Details

Autor(en) / Beteiligte

• Wojcieszynski, Andrzej P.
• Hill, Patrick M.
• Rosenberg, Stephen A.
• Hullett, Craig R.
• Labby, Zacariah E.
• Paliwal, Bhudatt
• Geurts, Mark W.
• Bayliss, R. Adam
• Bayouth, John E.
• Harari, Paul M.
• Bassetti, Michael F.
• Baschnagel, Andrew M.

Titel

Dosimetric Comparison of Real-Time MRI-Guided Tri-Cobalt-60 Versus Linear Accelerator-Based Stereotactic Body Radiation Therapy Lung Cancer Plans

Ist Teil von

• Technology in cancer research & treatment, 2017-06, Vol.16 (3), p.366-372

Ort / Verlag

Los Angeles, CA: SAGE Publications

Erscheinungsjahr

2017

Quelle

MEDLINE

Beschreibungen/Notizen

• Purpose: Magnetic resonance imaging–guided radiation therapy has entered clinical practice at several major treatment centers. Treatment of early-stage non-small cell lung cancer with stereotactic body radiation therapy is one potential application of this modality, as some form of respiratory motion management is important to address.
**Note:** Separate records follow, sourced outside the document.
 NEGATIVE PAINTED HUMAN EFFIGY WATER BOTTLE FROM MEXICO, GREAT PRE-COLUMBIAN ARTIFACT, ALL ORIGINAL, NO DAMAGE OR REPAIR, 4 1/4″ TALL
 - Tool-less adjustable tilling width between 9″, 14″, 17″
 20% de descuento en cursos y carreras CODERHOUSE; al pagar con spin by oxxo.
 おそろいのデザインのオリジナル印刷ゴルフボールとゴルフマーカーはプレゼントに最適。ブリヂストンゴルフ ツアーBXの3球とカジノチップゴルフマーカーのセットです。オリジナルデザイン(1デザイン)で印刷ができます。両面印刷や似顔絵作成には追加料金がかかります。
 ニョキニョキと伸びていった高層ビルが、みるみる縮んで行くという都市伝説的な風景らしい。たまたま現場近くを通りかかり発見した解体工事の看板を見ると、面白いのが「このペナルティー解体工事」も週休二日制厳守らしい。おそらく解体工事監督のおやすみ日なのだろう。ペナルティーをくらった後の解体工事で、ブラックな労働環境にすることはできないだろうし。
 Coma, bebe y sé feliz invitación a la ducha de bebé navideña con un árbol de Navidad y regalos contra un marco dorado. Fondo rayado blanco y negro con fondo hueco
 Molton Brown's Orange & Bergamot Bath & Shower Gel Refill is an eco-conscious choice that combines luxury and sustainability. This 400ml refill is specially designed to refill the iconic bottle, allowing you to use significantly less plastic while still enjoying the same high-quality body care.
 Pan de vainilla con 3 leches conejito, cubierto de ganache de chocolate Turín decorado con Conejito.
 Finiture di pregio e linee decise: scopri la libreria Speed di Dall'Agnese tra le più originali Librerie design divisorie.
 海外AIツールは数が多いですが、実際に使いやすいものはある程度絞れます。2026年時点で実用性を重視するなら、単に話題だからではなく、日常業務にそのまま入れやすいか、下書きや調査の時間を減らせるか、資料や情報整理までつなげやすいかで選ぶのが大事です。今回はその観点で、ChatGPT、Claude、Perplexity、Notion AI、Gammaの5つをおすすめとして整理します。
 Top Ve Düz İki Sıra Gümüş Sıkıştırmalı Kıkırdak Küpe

We hypothesize that magnetic resonance imaging–guided tri-cobalt-60 radiation therapy can be used to generate clinically acceptable stereotactic body radiation therapy treatment plans. Here, we report on a dosimetric comparison between magnetic resonance imaging–guided radiation therapy plans and internal target volume–based plans utilizing volumetric-modulated arc therapy. Materials and Methods: Ten patients with early-stage non-small cell lung cancer who underwent radiation therapy planning and treatment were studied. Following 4-dimensional computed tomography, patient images were used to generate clinically deliverable plans. For volumetric-modulated arc therapy plans, the planning tumor volume was defined as an internal target volume + 0.5 cm. For magnetic resonance imaging–guided plans, a single mid-inspiratory cycle was used to define a gross tumor volume, then expanded 0.3 cm to the planning tumor volume. Treatment plan parameters were compared. Results: Planning tumor volumes trended larger for volumetric-modulated arc therapy–based plans, with a mean planning tumor volume of 47.4 mL versus 24.8 mL for magnetic resonance imaging–guided plans (P = .08). Clinically acceptable plans were achievable via both methods, with bilateral lung V20, 3.9% versus 4.8% (P = .62). The volume of chest wall receiving greater than 30 Gy was also similar, 22.1 versus 19.8 mL (P = .78), as were all other parameters commonly used for lung stereotactic body radiation therapy. The ratio of the 50% isodose volume to planning tumor volume was lower in volumetric-modulated arc therapy plans, 4.19 versus 10.0 (P < .001). Heterogeneity index was comparable between plans, 1.25 versus 1.25 (P = .98). Conclusion: Magnetic resonance imaging–guided tri-cobalt-60 radiation therapy is capable of delivering lung high-quality stereotactic body radiation therapy plans that are clinically acceptable as compared to volumetric-modulated arc therapy–based plans. Real-time magnetic resonance imaging provides the unique capacity to directly observe tumor motion during treatment for purposes of motion management.